→ Your task:
Please retype the data below line for line and leave out every picture.

→ Source material:

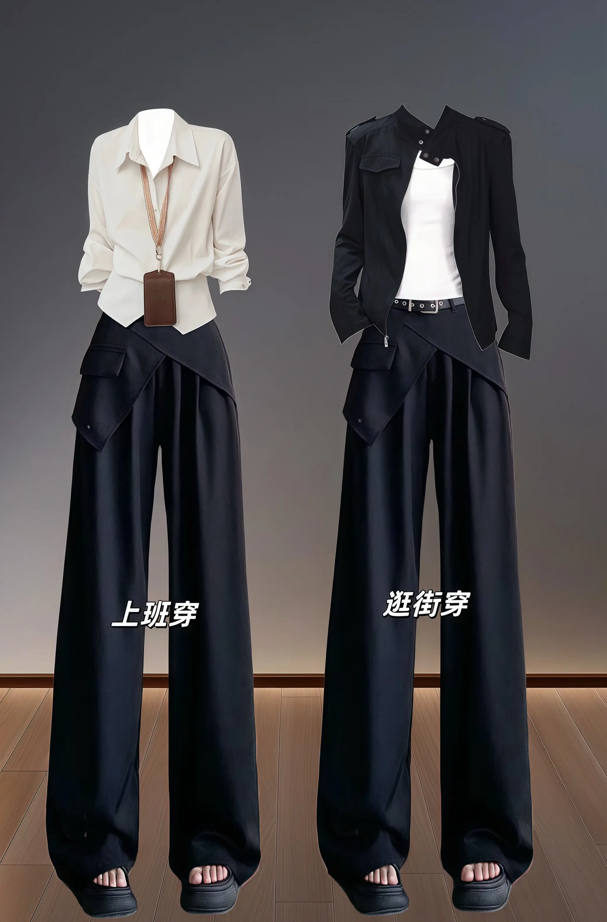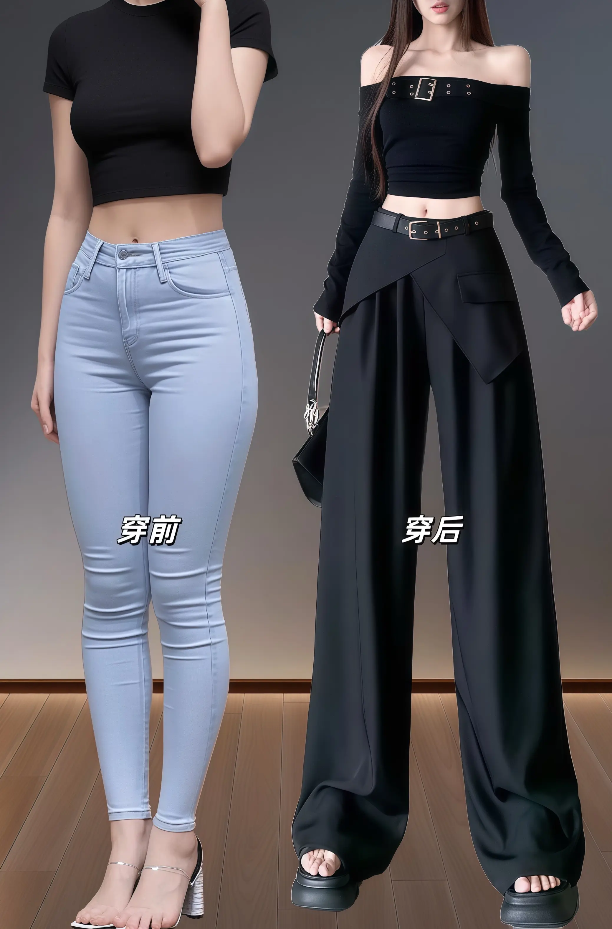 早秋新宠来啦!这款拼接假两件西装阔腿裤,设计感满满。拼接元素打破常规,独特吸睛,穿上绝不撞款。假两件设计,丰富层次,时髦又洋气。阔腿版型超藏肉,轻松遮住腿上小瑕疵,还能拉长腿部线条,显高又显瘦。无论是通勤还是日常出街,搭简约上衣就能轻松拿捏时尚,轻松打造早秋氛围感。
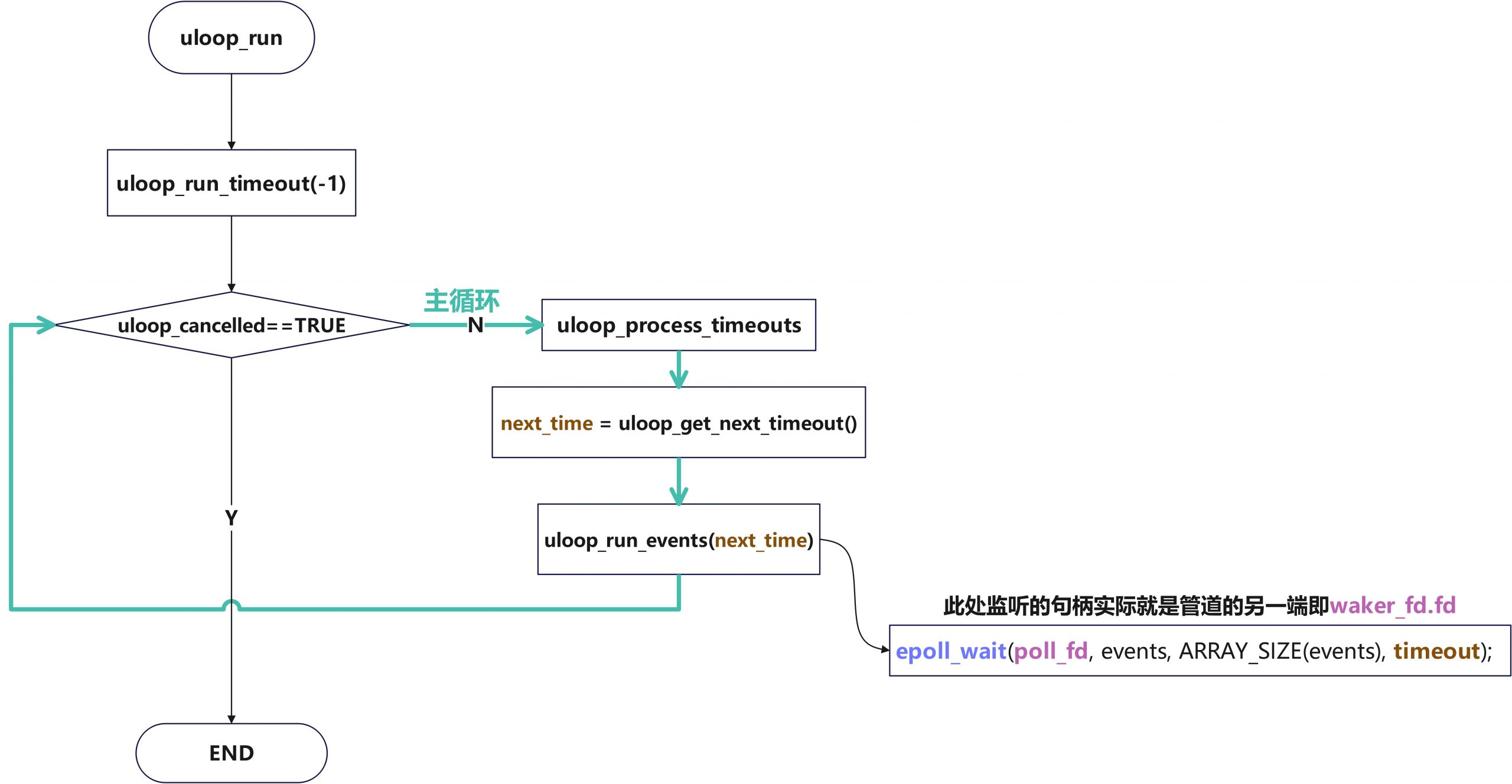 uloop的主循环实际上是在监听句柄的输出端,如果没有外部信号则该管道的输出端会一直不活跃。uloop便是利用了epoll阻塞式的特性来实现循环的等待并且在有外部中断信号时可以优雅的退出这个循环,这里的超时时间便是根据定时器链表中的事件计算,先计算超时事件再设置epoll监听
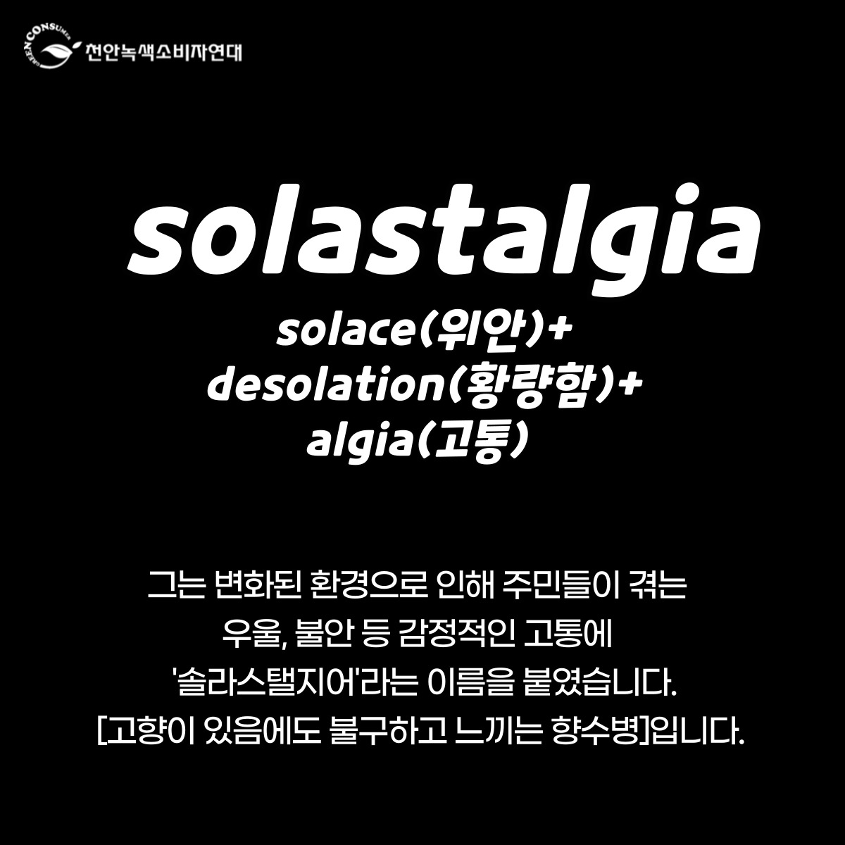 지구에 살면서도 지구가 그리운 사람들이 겪는 고통. ‘솔라스탤지어’를 겪고 계시군요. 참여와 연대로 슬픔을 이겨낼 수 있습니다.
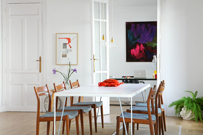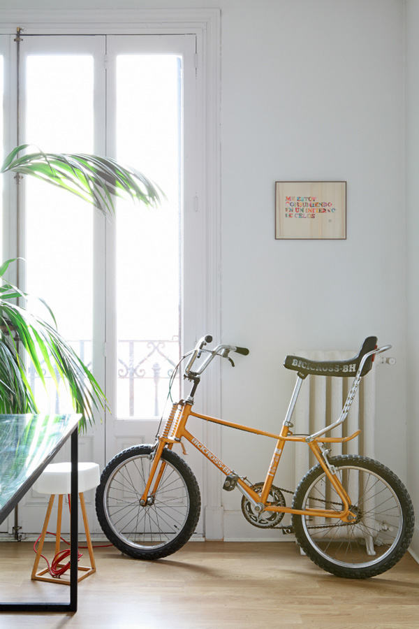 I have a thing for eclectic spaces, where it appears that the homeowner does alot of thrift shopping and most pieces have not originated from Ikea. This simple yet eclectic apartment in Madrid caught my attention. It has some fun, graphic art mixed with mid-century furnishings and accessories (ie. beautiful West German vases!). I personally would have maybe added some colour to a wall or 2 (maybe they aren’t allowed) and I find the dining room very underwhelming. Other than that it is a wonderful, bright open space that is very inviting. Via Architectural Digest Spain, photos by Asier Rua.

→ Response below:
 早秋新宠来啦!这款拼接假两件西装阔腿裤,设计感满满。拼接元素打破常规,独特吸睛,穿上绝不撞款。假两件设计,丰富层次,时髦又洋气。阔腿版型超藏肉,轻松遮住腿上小瑕疵,还能拉长腿部线条,显高又显瘦。无论是通勤还是日常出街,搭简约上衣就能轻松拿捏时尚,轻松打造早秋氛围感。
 uloop的主循环实际上是在监听句柄的输出端,如果没有外部信号则该管道的输出端会一直不活跃。uloop便是利用了epoll阻塞式的特性来实现循环的等待并且在有外部中断信号时可以优雅的退出这个循环,这里的超时时间便是根据定时器链表中的事件计算,先计算超时事件再设置epoll监听
 지구에 살면서도 지구가 그리운 사람들이 겪는 고통. ‘솔라스탤지어’를 겪고 계시군요. 참여와 연대로 슬픔을 이겨낼 수 있습니다.
 I have a thing for eclectic spaces, where it appears that the homeowner does alot of thrift shopping and most pieces have not originated from Ikea. This simple yet eclectic apartment in Madrid caught my attention. It has some fun, graphic art mixed with mid-century furnishings and accessories (ie. beautiful West German vases!). I personally would have maybe added some colour to a wall or 2 (maybe they aren’t allowed) and I find the dining room very underwhelming. Other than that it is a wonderful, bright open space that is very inviting. Via Architectural Digest Spain, photos by Asier Rua.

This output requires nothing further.